Exercise description →
The copy you give must match the records exactly, except that it holds no images.
***
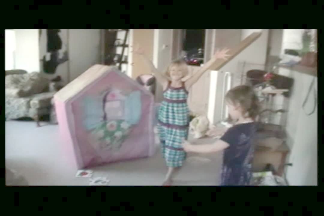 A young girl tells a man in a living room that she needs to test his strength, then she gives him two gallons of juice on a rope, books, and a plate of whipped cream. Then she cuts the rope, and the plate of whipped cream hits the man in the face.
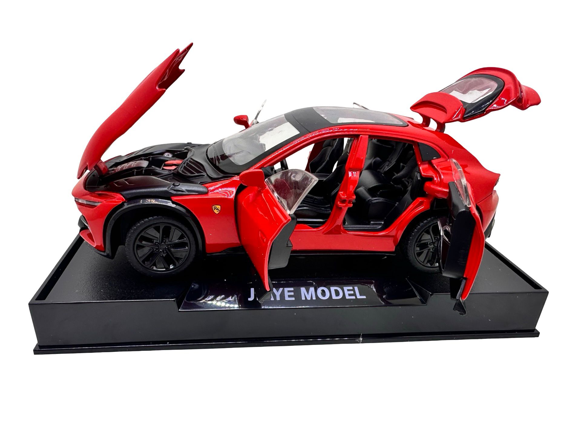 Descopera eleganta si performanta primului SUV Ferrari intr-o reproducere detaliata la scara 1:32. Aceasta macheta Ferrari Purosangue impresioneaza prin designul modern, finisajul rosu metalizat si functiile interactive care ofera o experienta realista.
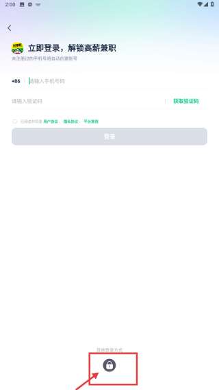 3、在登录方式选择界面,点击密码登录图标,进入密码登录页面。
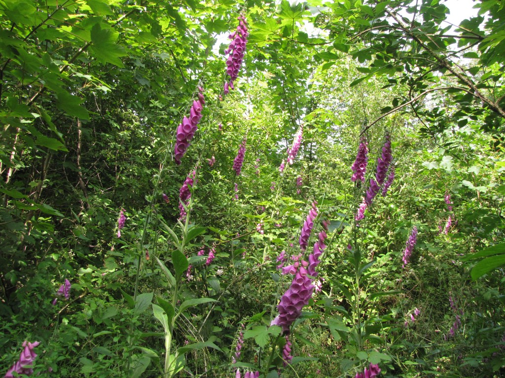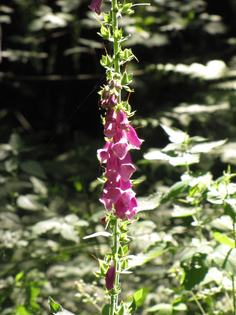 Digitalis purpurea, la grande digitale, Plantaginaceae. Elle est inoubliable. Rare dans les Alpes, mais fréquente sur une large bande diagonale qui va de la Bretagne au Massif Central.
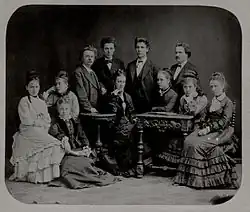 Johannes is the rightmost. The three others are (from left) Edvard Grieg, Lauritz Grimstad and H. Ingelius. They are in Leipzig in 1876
***
Completed exercise →
 A young girl tells a man in a living room that she needs to test his strength, then she gives him two gallons of juice on a rope, books, and a plate of whipped cream. Then she cuts the rope, and the plate of whipped cream hits the man in the face.
 Descopera eleganta si performanta primului SUV Ferrari intr-o reproducere detaliata la scara 1:32. Aceasta macheta Ferrari Purosangue impresioneaza prin designul modern, finisajul rosu metalizat si functiile interactive care ofera o experienta realista.
 3、在登录方式选择界面,点击密码登录图标,进入密码登录页面。
 Digitalis purpurea, la grande digitale, Plantaginaceae. Elle est inoubliable. Rare dans les Alpes, mais fréquente sur une large bande diagonale qui va de la Bretagne au Massif Central.
 Johannes is the rightmost. The three others are (from left) Edvard Grieg, Lauritz Grimstad and H. Ingelius. They are in Leipzig in 1876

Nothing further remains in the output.